Но Август на этом не остановился. Он усыновил Агриппу Постума, а Тиберия заставил усыновить Германика. Так Агриппа стал братом Тиберия и дядей Германика. Сам же Август наконец-то стал отцом сына своей жены. Ливия теперь приходилась Германику дважды бабкой — через обоих своих сыновей. Затем он выдал за Германика свою внучку Агриппину. В его действиях прослеживается как забота о будущем государства — ведь и в самом деле переложить бремя власти было решительно не на кого, кроме Тиберия, так и соблюдение династических интересов — не зря же он держал в резерве Агриппу Постума. Впрочем, к Агриппе Постуму он заметно охладел, зато ввел в свою семью Германика, в детях которого должна была смешаться кровь Юлиев и Клавдиев. Тем самым он заложил основы будущих жестоких кризисов вокруг наследования власти. Эти кризисы проявились совсем не в той форме, какую мог предвидеть Август, но, едва пришло время, они не замедлили разразиться.

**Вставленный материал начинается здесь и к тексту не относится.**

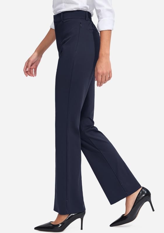 Rammus Womens Straight Leg Casual Pants with Zipper Pockets Stretch Dress Work Pants for Women Business Office Slacks

На сцену выходит милосердие
По всей вероятности, в том же самом 4 году, столь богатом событиями, и, не исключено, в прямой связи с этими событиями произошел еще один заговор против Августа. Его возглавил внук Помпея Великого — Гней Корнелий Цинна. История заговора получила широкую известность благодаря трагедии Корнеля. Автор предваряет свое сочинение переводом текста Сенеки, который и послужил ему главным источником информации о событиях. Этот же текст цитирует и Монтень в своих «Опытах». Приведем его и мы [209]:
«Император Август, находясь в Галлии, получил достоверное сообщение о составленном против него Луцием Цинной заговоре; решив покарать его, он велел вызвать своих ближних друзей на совет, назначив его на следующий день. Ночь накануне совета он провел, однако, чрезвычайно тревожно, мучимый мыслью, что обрекает на смерть молодого человека хорошего рода, племянника Помпея Великого. Сетуя на трудность своего положения, он перебирал всевозможные доводы. «Так что же, — говорил он, — неужели нужно сказать себе: пребывай в тревоге и страхе и отпусти своего убийцу разгуливать на свободе? Неужели допустить, чтобы он ушел невредимым, — он, покусившийся на мою жизнь, которую я сберег в стольких гражданских войнах, в стольких сражениях на суше и море? Неужели простить того, кто замыслил не только убить меня — и когда! после того, как я установил мир во всем мире! — но и воспользоваться мною самим, как жертвой, приносимой богам?» Ибо заговорщики предполагали убить его в то время, когда он будет совершать жертвоприношение. Затем, помолчав некоторое время, он снова, и еще более твердым голосом, продолжал, обращаясь к самому себе: «К чему тебе жить, если столь многие хотят твоей смерти? Где же конец твоему мщению и жестокостям? Стоит ли твоя жизнь затрат, необходимых для ее сбережения?»